◆ EXERCISE DATA
+---+
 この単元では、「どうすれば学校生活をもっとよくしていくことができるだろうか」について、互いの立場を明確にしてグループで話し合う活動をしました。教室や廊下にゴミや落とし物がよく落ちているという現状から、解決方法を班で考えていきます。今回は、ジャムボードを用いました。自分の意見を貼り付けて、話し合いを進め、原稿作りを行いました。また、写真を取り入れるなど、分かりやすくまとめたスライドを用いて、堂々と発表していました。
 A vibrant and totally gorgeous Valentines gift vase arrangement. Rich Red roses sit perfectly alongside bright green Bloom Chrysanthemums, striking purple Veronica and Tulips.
+---+
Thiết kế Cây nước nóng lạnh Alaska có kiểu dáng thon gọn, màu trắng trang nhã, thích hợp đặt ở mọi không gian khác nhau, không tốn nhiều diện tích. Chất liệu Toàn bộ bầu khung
+---+
◆ EXERCISE PROMPT
Beginning at the line above that contains "この単元では、「どうすれば学", return each line exactly through the line that contains "A vibrant and", and no others.

◆ ANSWER AREA
 この単元では、「どうすれば学校生活をもっとよくしていくことができるだろうか」について、互いの立場を明確にしてグループで話し合う活動をしました。教室や廊下にゴミや落とし物がよく落ちているという現状から、解決方法を班で考えていきます。今回は、ジャムボードを用いました。自分の意見を貼り付けて、話し合いを進め、原稿作りを行いました。また、写真を取り入れるなど、分かりやすくまとめたスライドを用いて、堂々と発表していました。
 A vibrant and totally gorgeous Valentines gift vase arrangement. Rich Red roses sit perfectly alongside bright green Bloom Chrysanthemums, striking purple Veronica and Tulips.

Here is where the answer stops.